About this exercise:
Your reply must contain the lines from the one with "Да, ещё вот" through the last line of the material, exact and complete, with no pictures and no other text.

Data provided:
◇ ◇ ◇ ◇ ◇
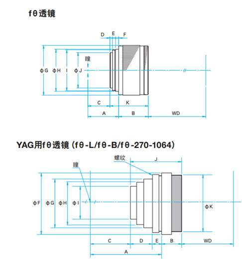 YAG用fθ透镜尺寸表
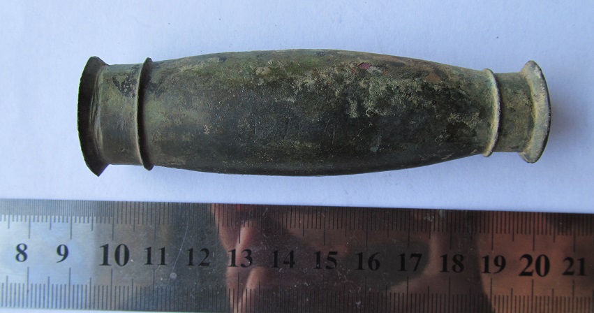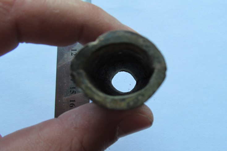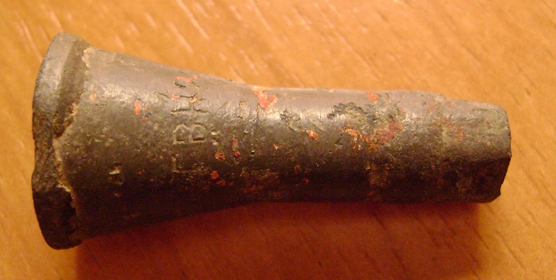 Да, ещё вот такой предмет поднял. Думаю мундштук от трубы. Под увеличением видны вроде остатки красной краски. Также видно клейма: ГВН29 (или вместо девятки 0), далее непонятное клеймо, затем IV и 91. Длина 4 см. Вложенные эскизы изображений -------------------- - Я интересуюсь знать... ("Ликвидация")
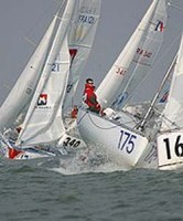 Steve Goacher continued his winning form to take the fourth day's racing at the Flying 15 nationals
◇ ◇ ◇ ◇ ◇
Task response:
 Да, ещё вот такой предмет поднял. Думаю мундштук от трубы. Под увеличением видны вроде остатки красной краски. Также видно клейма: ГВН29 (или вместо девятки 0), далее непонятное клеймо, затем IV и 91. Длина 4 см. Вложенные эскизы изображений -------------------- - Я интересуюсь знать... ("Ликвидация")
 Steve Goacher continued his winning form to take the fourth day's racing at the Flying 15 nationals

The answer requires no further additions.